WHAT YOU HAVE TO DO » Please write the listing below out again exactly, leaving every picture behind.

DATASET CONTENT »
┌────────

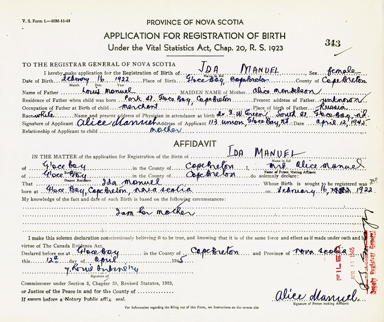 Signature of Applicant Alice Manuel Address of Applicant 113 Union, Glace Bay, Cape Breton Co., NS Date 12 April 1945
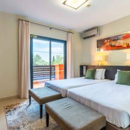 Het penthouse ligt op een van de meest gewilde locaties van het resort en profiteert van een verhoogde ligging met panoramisch uitzicht over de golfbaan en de sinaasappelboomgaarden. Het biedt gemakkelijke toegang tot een van de belangrijkste zwembaden en behoudt tegelijkertijd een hoog niveau van privacy.
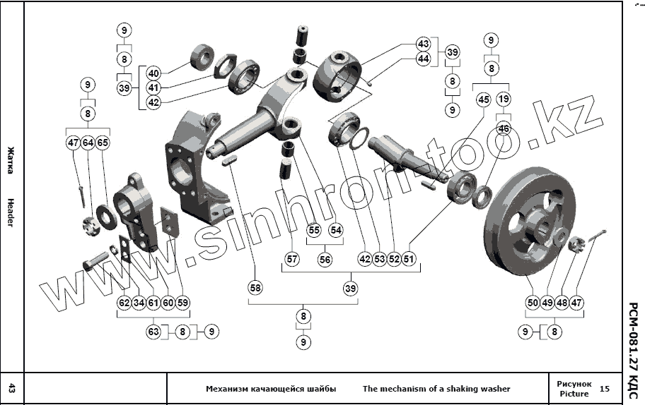 Каталог запасных частей к технике: РСМ Жатка РСМ-081.27. Механизм качающейся шайбы

└────────

OUTPUT FOR THIS TASK »
 Signature of Applicant Alice Manuel Address of Applicant 113 Union, Glace Bay, Cape Breton Co., NS Date 12 April 1945
 Het penthouse ligt op een van de meest gewilde locaties van het resort en profiteert van een verhoogde ligging met panoramisch uitzicht over de golfbaan en de sinaasappelboomgaarden. Het biedt gemakkelijke toegang tot een van de belangrijkste zwembaden en behoudt tegelijkertijd een hoog niveau van privacy.
 Каталог запасных частей к технике: РСМ Жатка РСМ-081.27. Механизм качающейся шайбы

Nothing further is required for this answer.